While there are several studies characterizing SARS-CoV-2 infection within LTCF residents, there have been limited studies focused on the longitudinal surveillance of LTCF staff (22). To evaluate the impact of staff on virus introduction into LTCFs, we tested staff at six Colorado LTCFs for SARS-CoV-2 from March to June of 2020. Staff were enrolled and sampled by nasopharyngeal (NP) swab weekly for 8 to 11 consecutive weeks. Samples were assayed for virus by reverse transcription-quantitative PCR (qRT-PCR) and plaque assay, and individuals with evidence of infection were instructed to self-quarantine for 10 days. Using data on staff infection, the site-specific prevalences at study onset and incidence rates over time were calculated. Viral genomes were sequenced to assess viral genetic diversity within and between LTCFs.
Our results document a surprising degree of asymptomatic/mildly symptomatic infection among apparently healthy staff and extreme variation in SARS-CoV-2 prevalence and incidence between different facilities, similar to what has been observed at other LTCFs (13, 14, 17, 20). We documented a range of infection courses, including acute (1 week), prolonged (4+ weeks), and recrudescent infections. Sequencing studies lend support to the observation that transmission may occur within LTCFs and, combined with the epidemiologic and other data provided here, highlight the importance of testing and removing virus-positive workers in order to protect vulnerable LTCF residents. Data obtained from longitudinal surveillance studies provide crucial information about infectious disease transmission dynamics within complex workforces and inform best practices for preventing or mitigating COVID-19 outbreaks within LTCFs.
RESULTS
Cohort characteristics.
From 26 March to 23 June 2020, we tested 544 staff from six LTCFs (Table 1). Participation was voluntary, and between 50 and 80% of eligible staff enrolled in our study. Weekly participation of enrolled staff varied across facilities; however, over 50% tested for at least 7 weeks at each site (Fig. S1 in the supplemental material). Of these participants, 91 (16.7%) apparently healthy staff tested positive for SARS-CoV-2 viral RNA (vRNA) at least once during the study. We tested 3,754 samples in total, of which 179 were positive for vRNA (4.77% of the total samples).
TABLE 1.
Site | No. (%) of individuals in groupa |
|
---|---|---|
All participants (n = 544) | vRNA+ participants (n = 91) | |
A | 100 (18) | 0 (0) |
B | 108 (20) | 8 (9) |
C | 51 (9) | 10 (11) |
D | 128 (24) | 54 (59) |
E | 76 (14) | 14 (15) |
F | 81 (15) | 5 (5) |
The total numbers of samples tested included 3,591 NP swab samples for all participants, 179 NP swab samples for vRNA+ participants, 163 saliva samples all participants, and 0 saliva samples for vRNA+ participants.

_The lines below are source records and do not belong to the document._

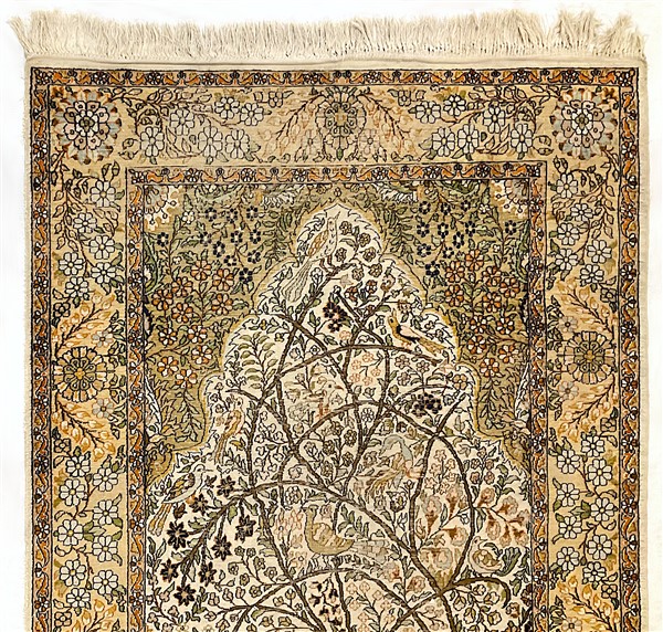 Tappeto preghiera Herekkè, Anatolia, inizio secolo XX. Annodato in seta su trama e ordito in cotone. Mirab decorato con albero della Vita e animali su fondo bianco (cm 185x120) (difetti e rapature)
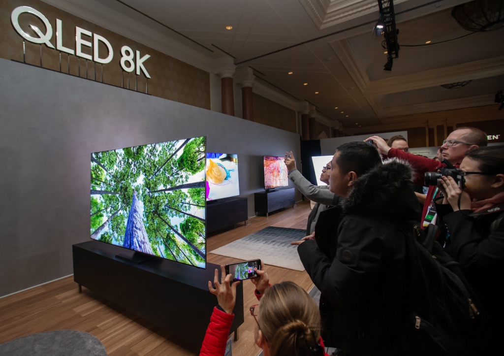 ▲ 5일(현지시간) 미국 라스베이거스에서 열린 삼성 퍼스트 룩 행사에 참가한 전 세계 기자들이 삼성전자 2020년형 QLED 8K 신제품의 15mm 초슬림 디자인 슬림의 살펴보고 있다.
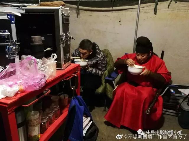 (正在片场拍摄间隙吃里)
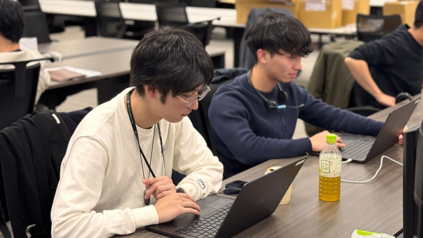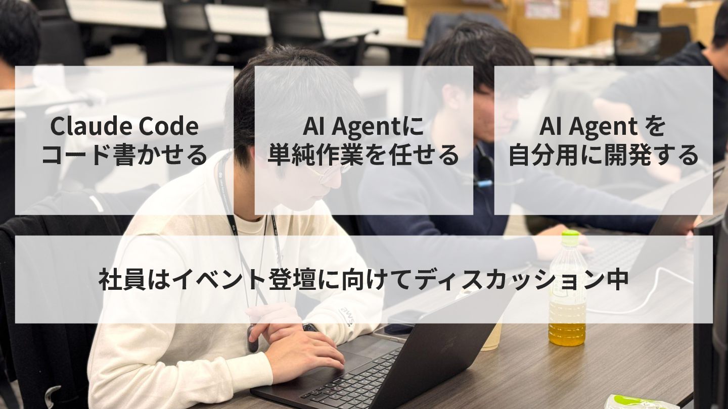 AI Agentに 単純作業を任せる AI Agent を ⾃分⽤に開発する 社員はイベント登壇に向けてディスカッション中
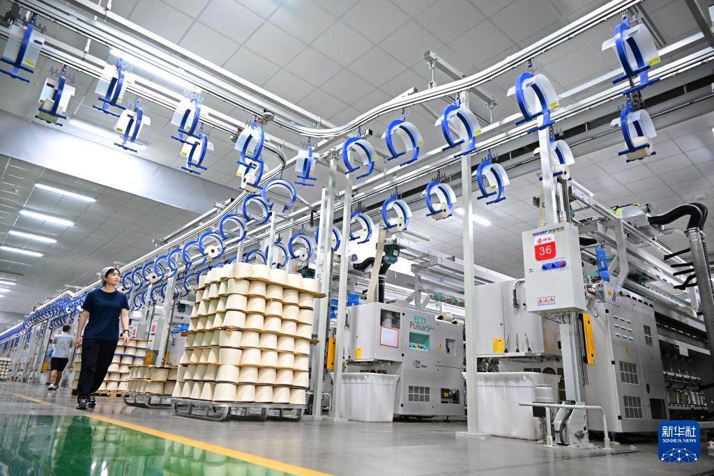 ??在即墨區(qū)一家智慧紡紗企業(yè),新安裝的自動(dòng)化吊運(yùn)傳送設(shè)備在試運(yùn)行(3月25日攝)。
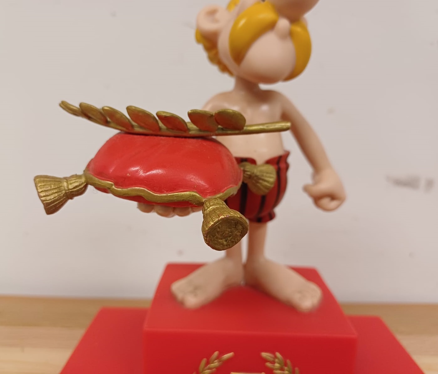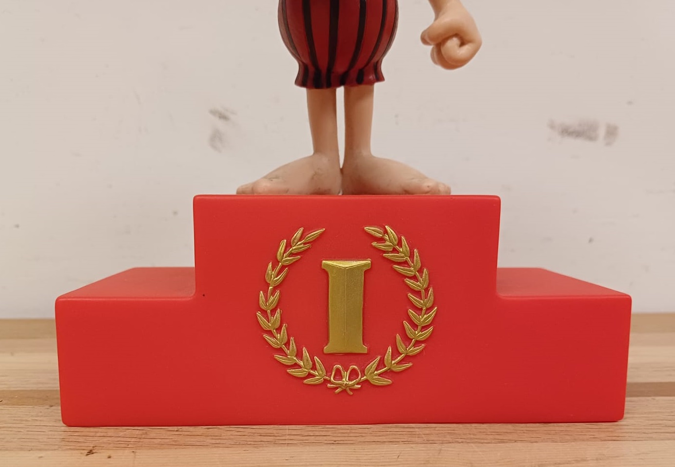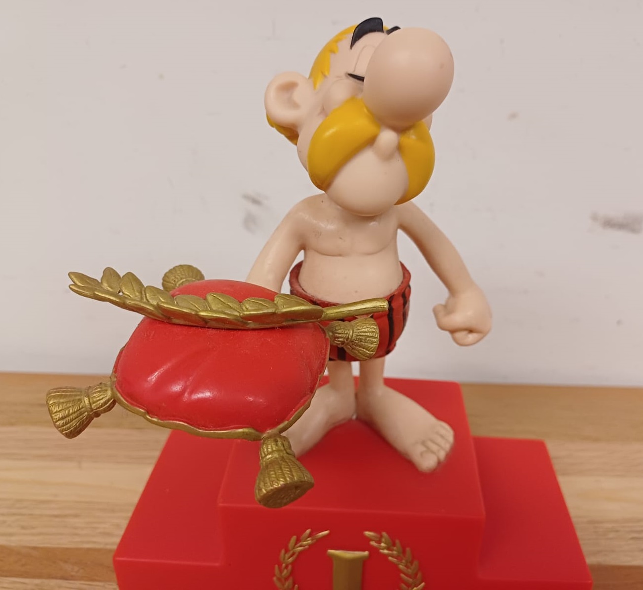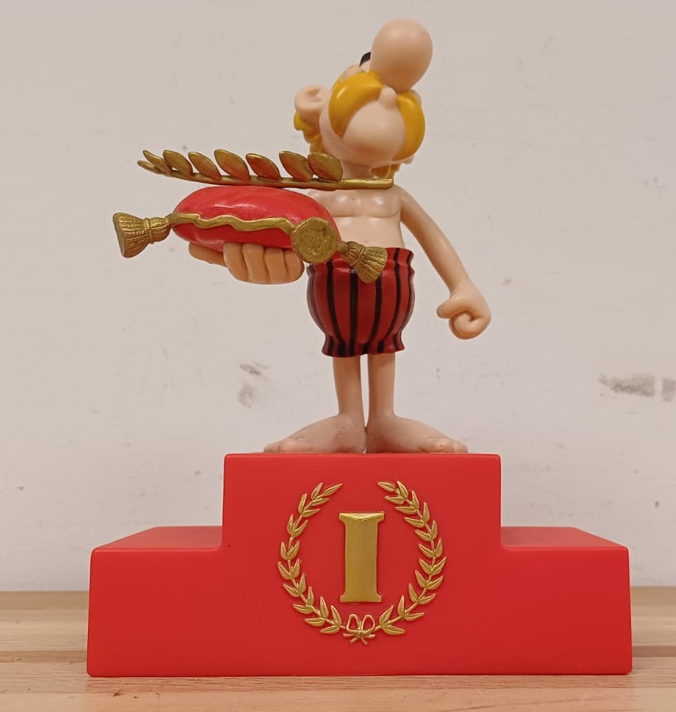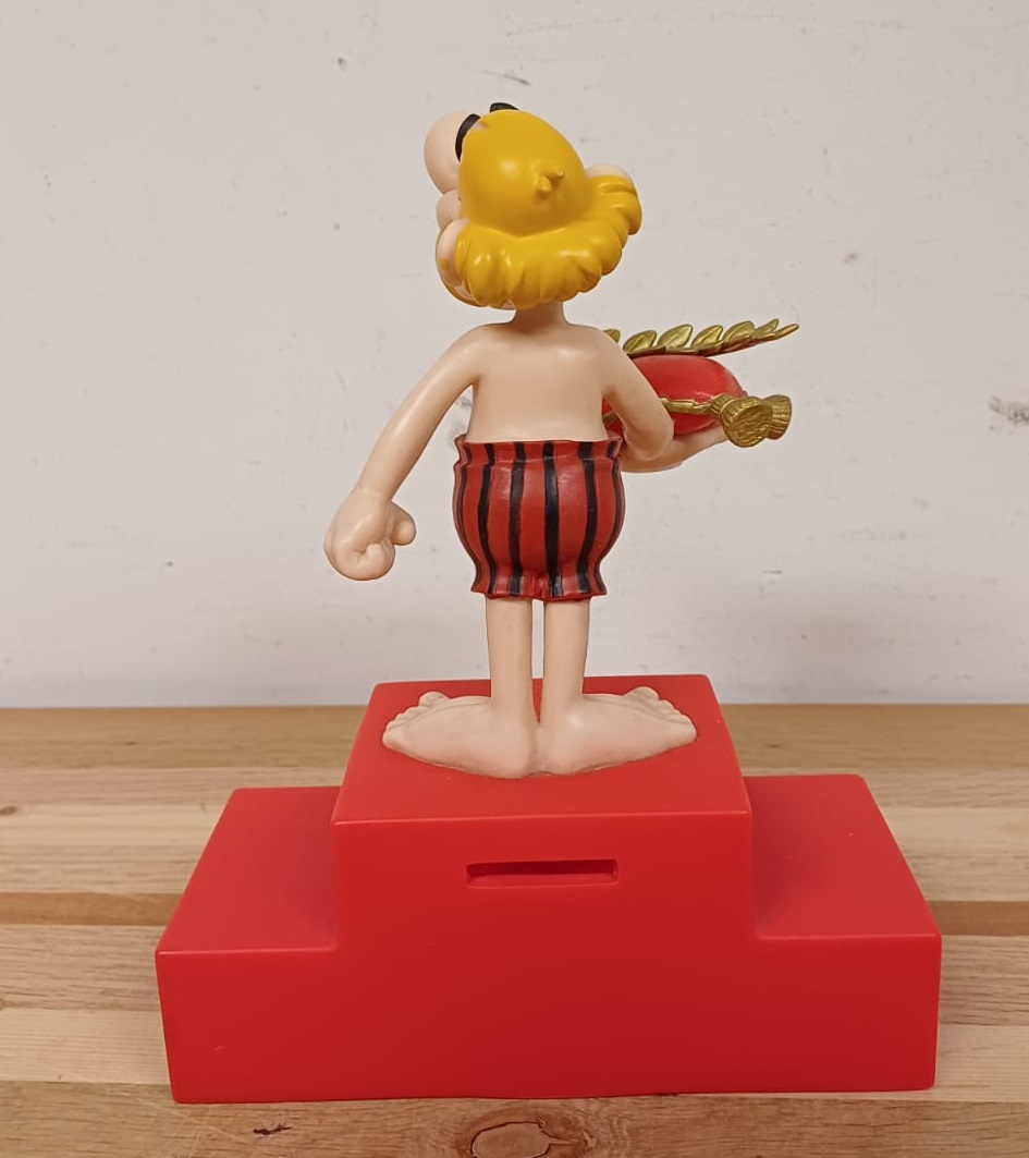 Asterix gaat in het album ‘Asterix en de Olympische Spelen’ de strijd weer aan met de Romeinen. En natuurlijk wint hij de eerste prijs! Speciaal voor deze overwinning heeft het Franse merk Plastoy een extra grote spaarpot gemaakt van Asterix als hij op de hoogste trede staat na zijn overwinning.

Viral loads, prevalences, and incidence rates varied across LTCFs.
The viral RNA levels and the prevalence of vRNA-positive (vRNA+) swabs varied each week by site (Fig. 1A and B). None of the saliva samples (Fig. 1A, triangles) tested positive; however, this was likely due to low infection prevalence at the facilities the week saliva testing was performed. Staff at site A remained uninfected throughout the 8-week study period, whereas 31% of individuals at site D were infected in week two. All sites showed a decline in SARS-CoV-2 prevalence over the course of the study (Fig. 1B). SARS-CoV-2 incidence also varied across sites (Fig. 1C). At site D, which had the highest SARS-CoV-2 prevalence, the initial incidence was also high (13.6 cases per 100 person-weeks) but declined over time. At sites C and F, the incidence reached zero by week 3. In the following week, however, both sites C and F experienced a small number of incident cases, suggesting a new reintroduction of the virus. Sites B and E, which had low prevalences in week 1, saw an increase in cases. At site B, incident infections were detected after 3 weeks.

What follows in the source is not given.